Prep Time: 10 minutes
Cook Time: 4 hours
Total Time: 4 hours 10 minutes
Servings: 6
These sweet and sour meatballs are a mouth-watering combination of tender meatballs, juicy pineapple chunks, and colorful bell peppers, all simmered in a delicious blend of sweet BBQ and teriyaki sauce. Preparing them is a breeze; it only requires 10 minutes of prep time, and your slow cooker takes care of the rest. You can serve these delicious Hawaiian meatballs as a main dish over rice or as a simple appetizer at your next party.

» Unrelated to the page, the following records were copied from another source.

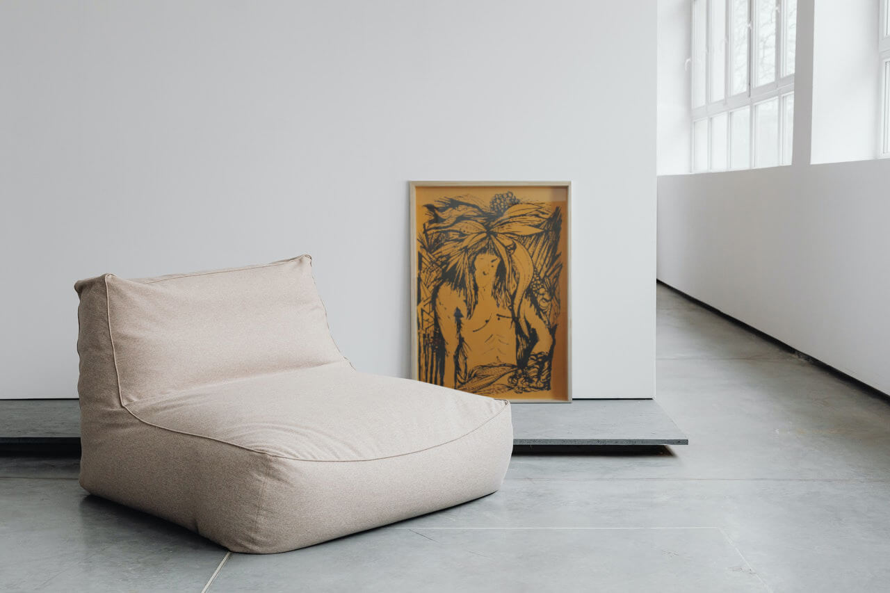 Tinta china y acrílico sobre papel especial. Marco Caja. Chato profundo de madera. 70 x 100 cm. Enmarcado. Lámina.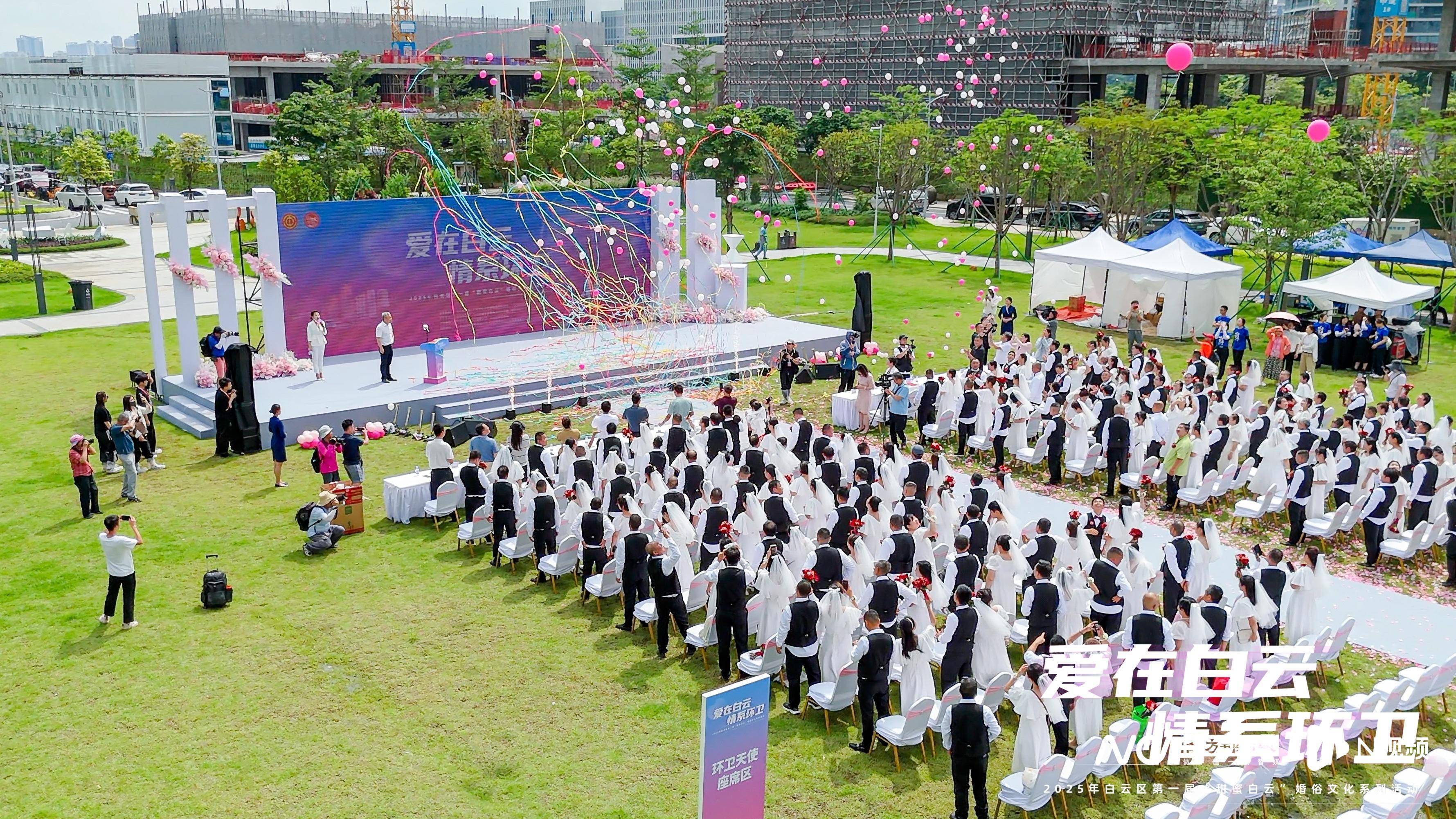 南都讯 记者钟丽婷 通讯员李绮姗 守护城市也守护你!5月20日,由白云区总工会、白云区城市管理和综合执法局、白云区民政局联合主办,白云区环卫工联会、白云区环卫协会承办的“爱在白云·情系环卫”致敬城市美容师集体婚礼庆典活动在白云艺术广场举行,100对携手相伴多年的环卫工人夫妻齐聚广场,一起重温幸福与甜蜜。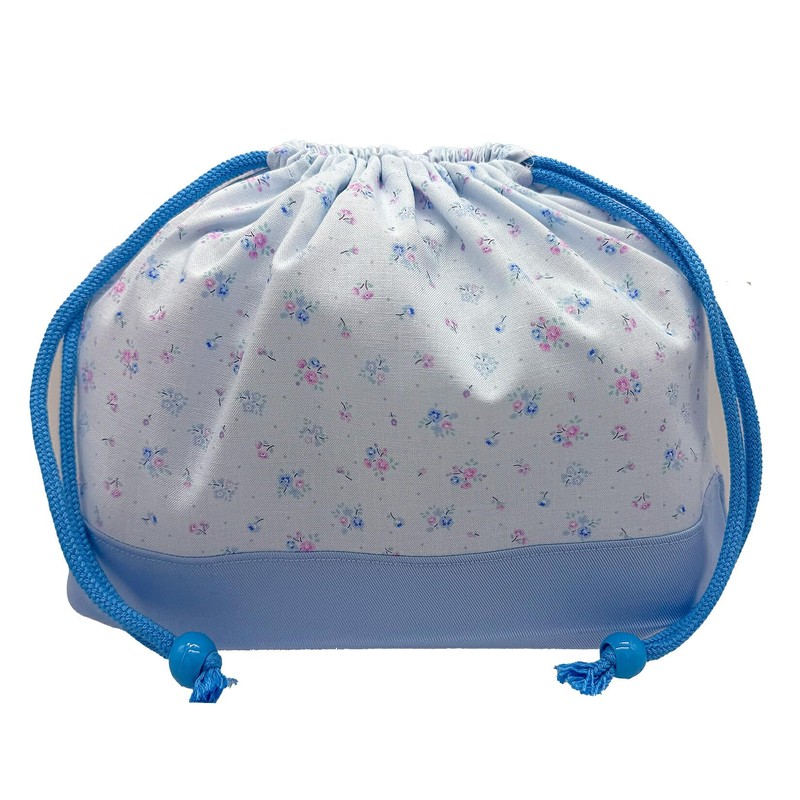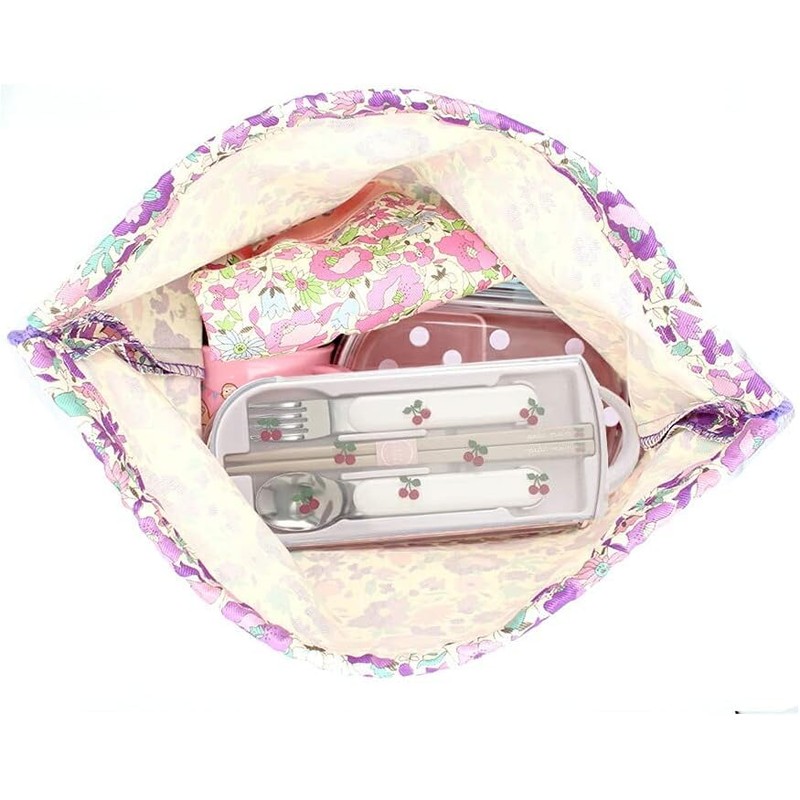 miwaki Lunch Bag, Drawstring Bag, Medium, Girls, Lunch Box, Cup Holder, Gusset, Elementary School, Kindergarten, Nursery, Made in Japan, Handmade with Name Tag, Motif, Blue, Purple, Small Flower,

Note: Be sure to read through the recipe’s post for tips and details about this recipe.

Ingredients
 

  • 1 1/2 pounds frozen meatballs, approximately 30 meatballs
  • 1 yellow bell pepper, seeded, cored, and cut into square bite-size pieces
  • 1 red bell pepper, seeded, cored, and cut into square bite-size pieces
  • 1 onion, small sweet onion, cut into square bite-size pieces
  • 20 ounce pineapple, 20 ounces can pineapple chunks in juice
  • 1/3 cup teriyaki sauce
  • 1 cup BBQ sauce
  • 2 tablespoons cornstarch

Instructions
 

  • Slice the bell peppers into even, square bite-size pieces. Peel the onion and cut it into bite-size squares.
    1 yellow bell pepper, 1 red bell pepper, 1 onion
  • Drain the pineapple juice into a jar or small container with a tight-fitting lid. Place it in the refrigerator for later use.
    20 ounce pineapple
  • In a large bowl, combine the bell peppers, onion, pineapple chunks, teriyaki sauce, and BBQ sauce. Stir well to combine all the ingredients.
    1/3 cup teriyaki sauce, 1 cup BBQ sauce
  • Place the frozen meatballs into the slow cooker.
    1 1/2 pounds frozen meatballs
  • Pour the mixed vegetables, fruit, and sauce over the meatballs. Stir well to coat the meatballs.
  • Place the lid on the slow cooker and set the cooking temperature on high. Cook for 4 hours.
  • Thirty minutes before the cooking time is complete, mix 2/3 cup of reserved pineapple juice with the cornstarch in a jar. Srew on a tight-fitting lid. Shake well to form a smooth slurry.
    2 tablespoons cornstarch
  • Pour the slurry mixture over the sweet and sour meatballs. Stir the sauce with a large spoon to incorporate the cornstarch slurry.
  • Place the lid back on the slow cooker and continue to cook on high for 30 minutes. The sauce will thicken during this time.

Notes

Variation Ideas
Spice It Up: Want to add a little kick to your sweet and sour meatballs? During the last step of thickening the sauce, stir in 1/2 teaspoon of chili flakes. If you’re feeling adventurous, toss in some chopped Cowboy Candy (Pickled Jalapenos) or a dash of Sriracha sauce for that extra heat.
Veggies: Take your meatballs to the next level by adding some extra veggies. Consider throwing in some mushrooms, broccoli florets, or sliced carrots. 
Sauce: Planning to serve these meatballs for dinner? Double up on the BBQ and teriyaki sauce! This way, you’ll have plenty of that delicious sauce to drizzle over a bed of fluffy rice. It’s the perfect way to make your meal even more flavorful and satisfying.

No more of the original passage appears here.